## Task requirements
Output the span of lines from the one that contains "Стильная студия с" through the end of the records, inclusive, exactly as written and free of pictures.

## Exercise materials
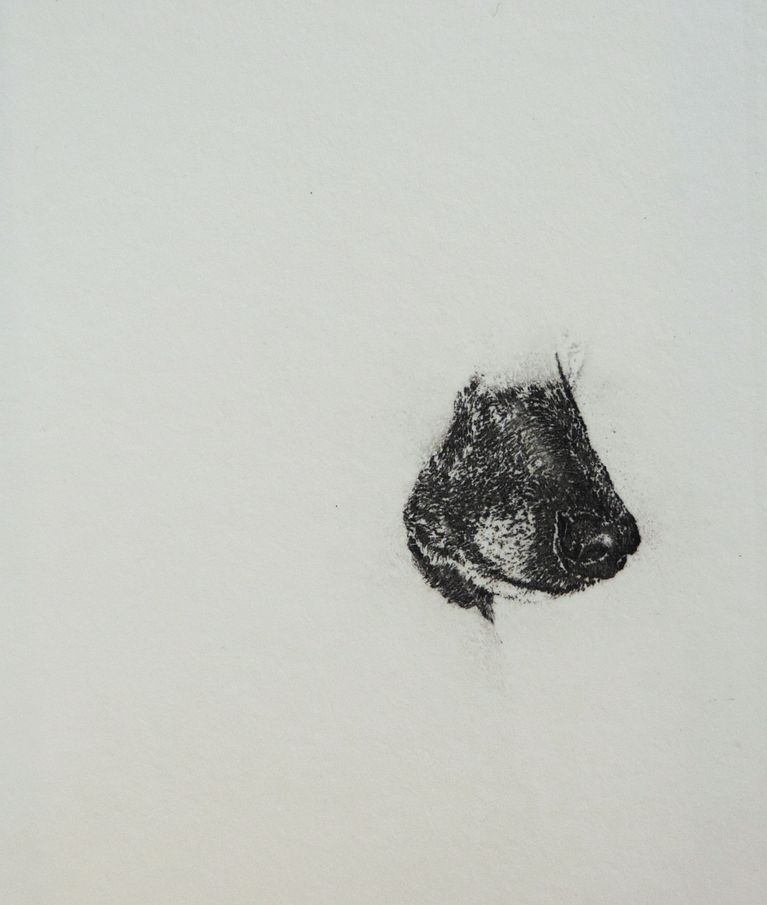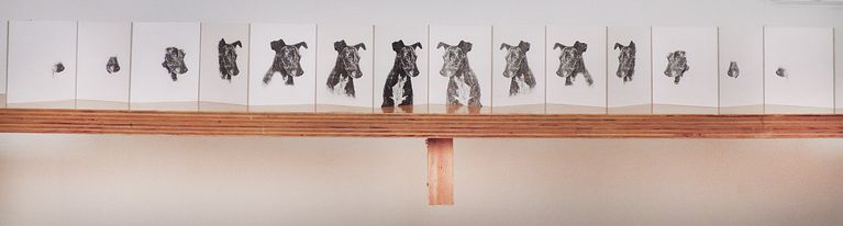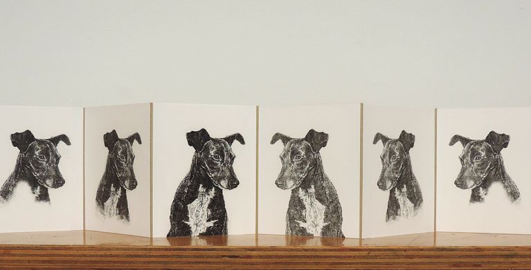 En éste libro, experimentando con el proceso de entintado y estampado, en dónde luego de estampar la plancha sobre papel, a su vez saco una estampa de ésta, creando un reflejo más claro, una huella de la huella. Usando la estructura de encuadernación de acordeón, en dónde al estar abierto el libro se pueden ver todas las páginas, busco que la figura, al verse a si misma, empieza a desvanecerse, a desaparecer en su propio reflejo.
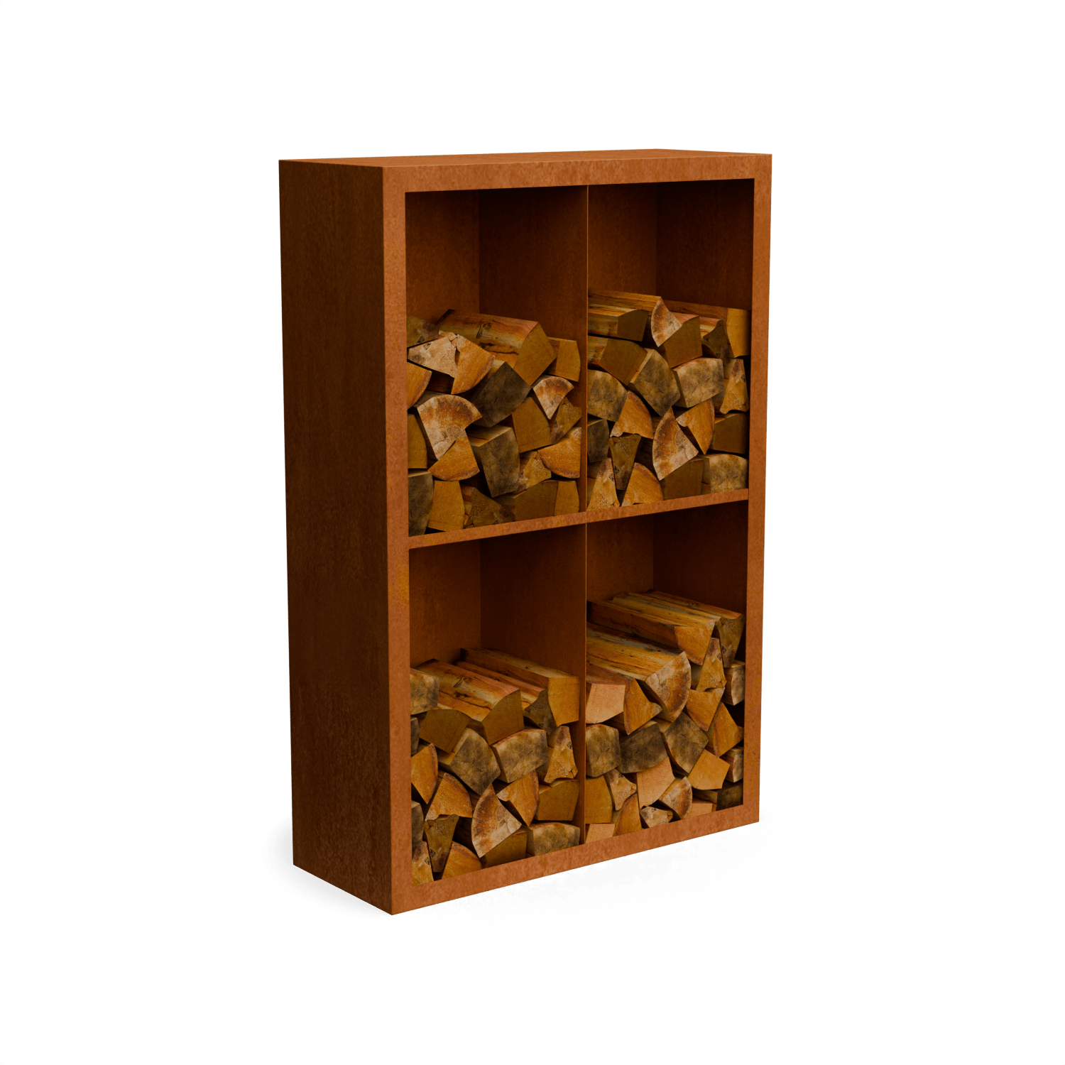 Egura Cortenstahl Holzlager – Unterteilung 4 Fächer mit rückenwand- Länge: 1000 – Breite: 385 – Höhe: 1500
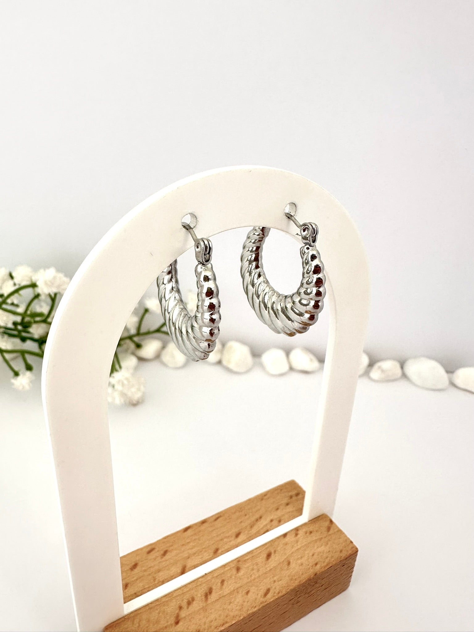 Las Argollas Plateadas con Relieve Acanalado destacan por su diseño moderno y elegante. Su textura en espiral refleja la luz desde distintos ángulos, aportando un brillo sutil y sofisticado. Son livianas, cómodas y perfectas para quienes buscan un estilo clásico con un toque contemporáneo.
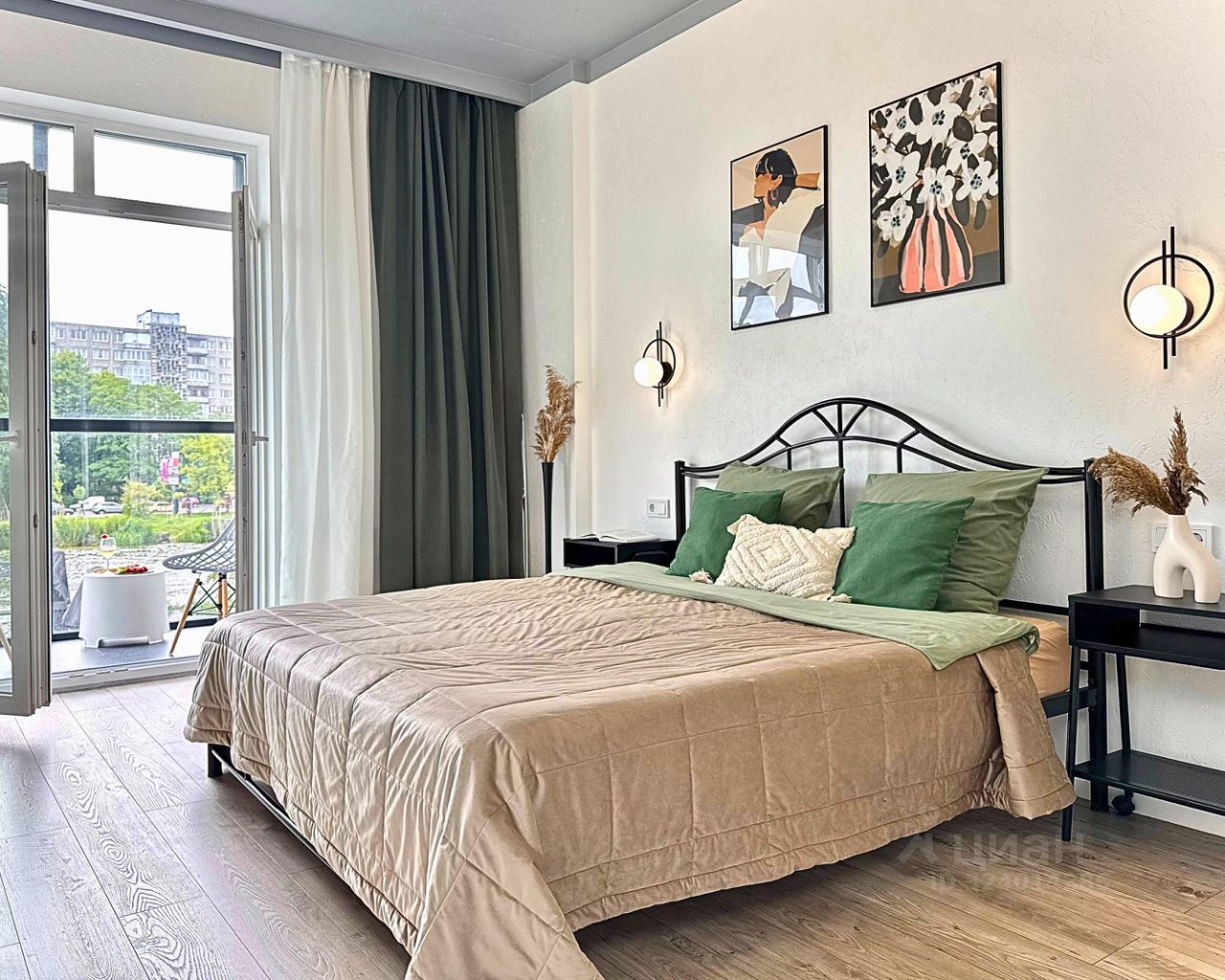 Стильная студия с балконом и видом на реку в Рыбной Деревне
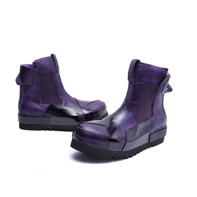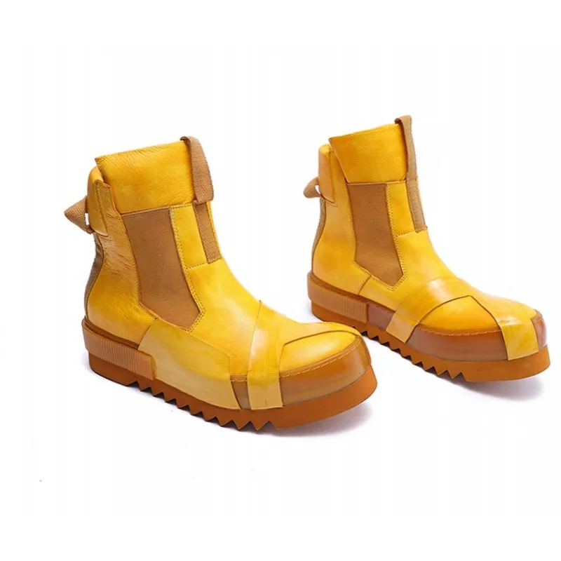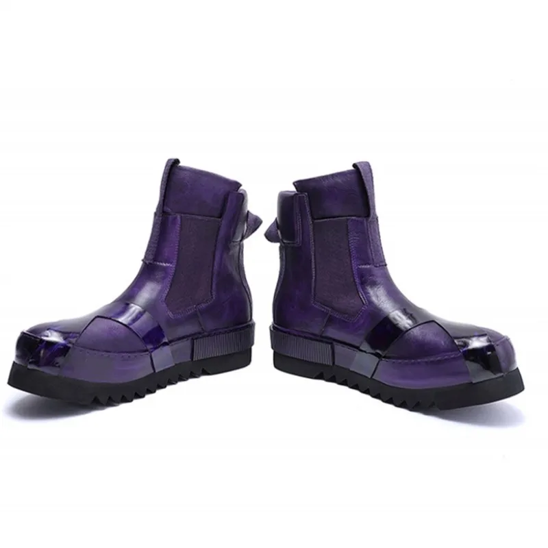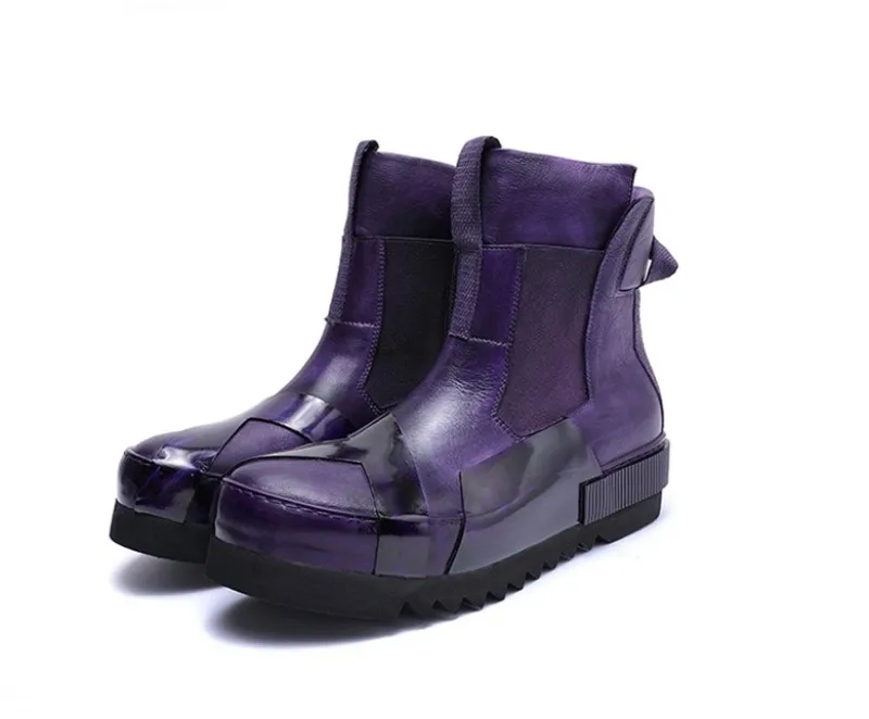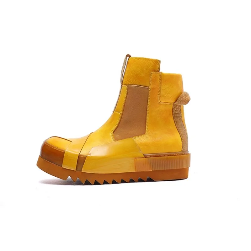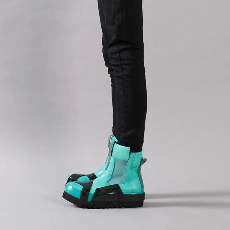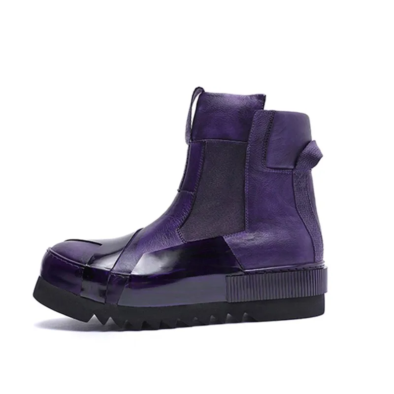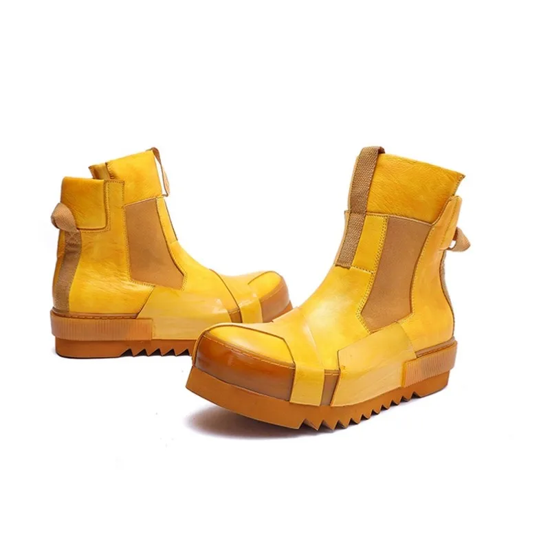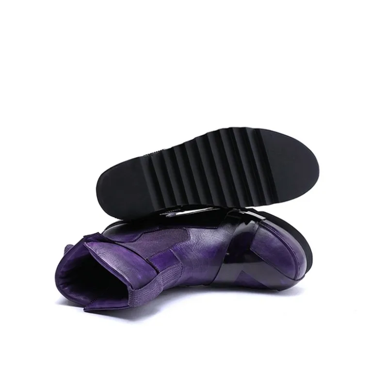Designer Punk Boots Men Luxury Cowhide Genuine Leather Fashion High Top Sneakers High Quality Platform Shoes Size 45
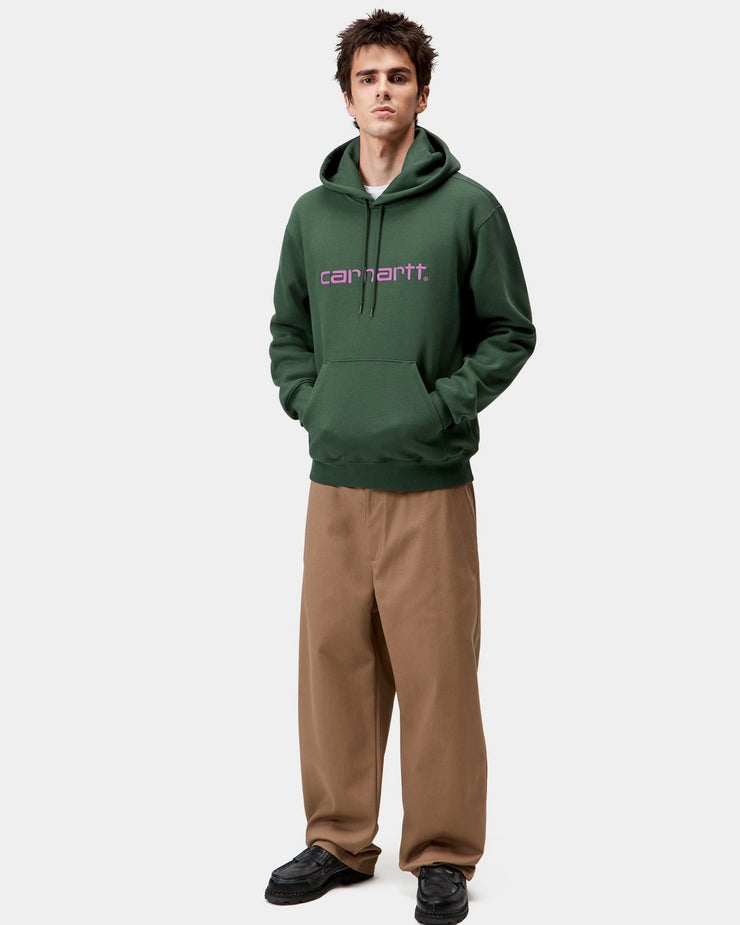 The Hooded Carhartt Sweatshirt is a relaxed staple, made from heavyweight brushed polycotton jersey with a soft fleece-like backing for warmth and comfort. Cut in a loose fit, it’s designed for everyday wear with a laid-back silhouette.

## Your response
 Стильная студия с балконом и видом на реку в Рыбной Деревне
Designer Punk Boots Men Luxury Cowhide Genuine Leather Fashion High Top Sneakers High Quality Platform Shoes Size 45
 The Hooded Carhartt Sweatshirt is a relaxed staple, made from heavyweight brushed polycotton jersey with a soft fleece-like backing for warmth and comfort. Cut in a loose fit, it’s designed for everyday wear with a laid-back silhouette.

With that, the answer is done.